Here again enters the problem we face with just about all problems regarding humans: The Lord made us so unique, the answer will be different for just about every person. The best we can do is to aim for broad solutions, hoping to speak to the majority of people. Though there will be people who have difficulty in breaking up the big task into smaller ones, and others who will have difficulty in organizing these, and still others on just focusing on the step at hand and not getting side tracked or discouraged by all that must still be done before the goal is completed, there are others where the problem lies elsewhere. And elsewhere is where we will have to look for answers.

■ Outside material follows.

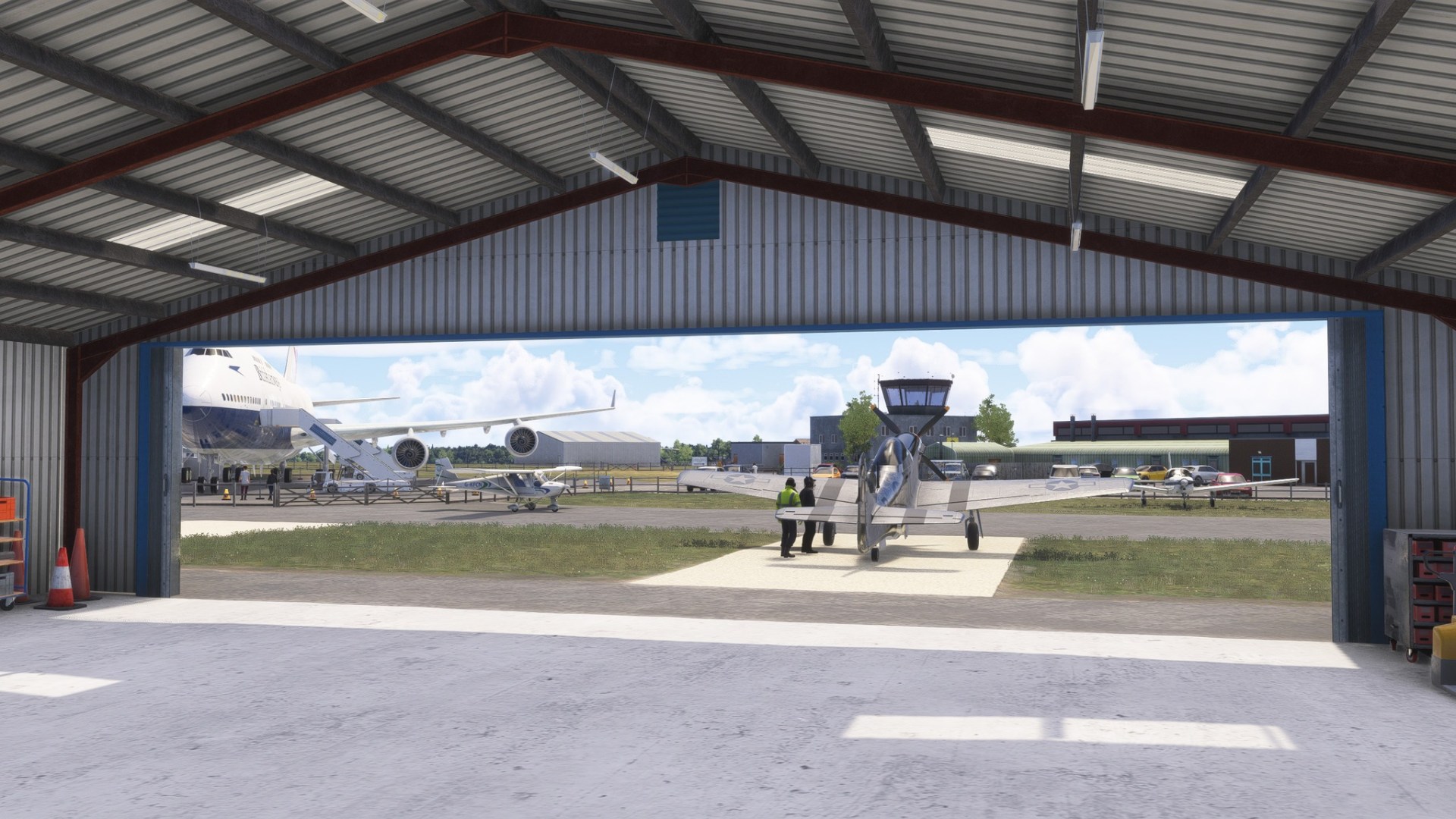 - 4 hangar interior with animated and controllable hangar doors

For the class of task that became big because you postponed doing something sooner: the answer may lie in the question: “Why did you allow matters to get so bad that the task is now a daunting one that needs a strategy in order to be completed?” Why did you not do something after you gained the first 10 or 20 pounds? Why did you not do something about the clutter at the beginning of the mountain, rather than now when you can hardly get into your house or garage? Whatever the reason was, it served a purpose, and unless you resolve the purpose it serves, that very same purpose is going to hinder your attempt to resolve the problem. Did you eat because it was a way to relieve stress, or combat loneliness … there are so many reasons that drive people to food as a solution, or to accumulating stuff and memories - the list goes on.
For others the problem lies with decision making, it simply does not come easy to them. Questions like: “Do I keep this item; do I try to sell it; do I give it away; throw it away…?” paralyze them. For more info on this topic, please see my LinkedIn post at this link.
For many of us, yours truly included, it comes down to plain laziness, lying in front of the television is easier than working out, so now you are so unfit you can hardly get up one flight of stairs. Not eating food you are craving takes discipline, self-discipline drains your energy - much easier to just give in.
So where to start: find out what is preventing you from victory, and deal with that first. Then follow the 3-step method - it's really good.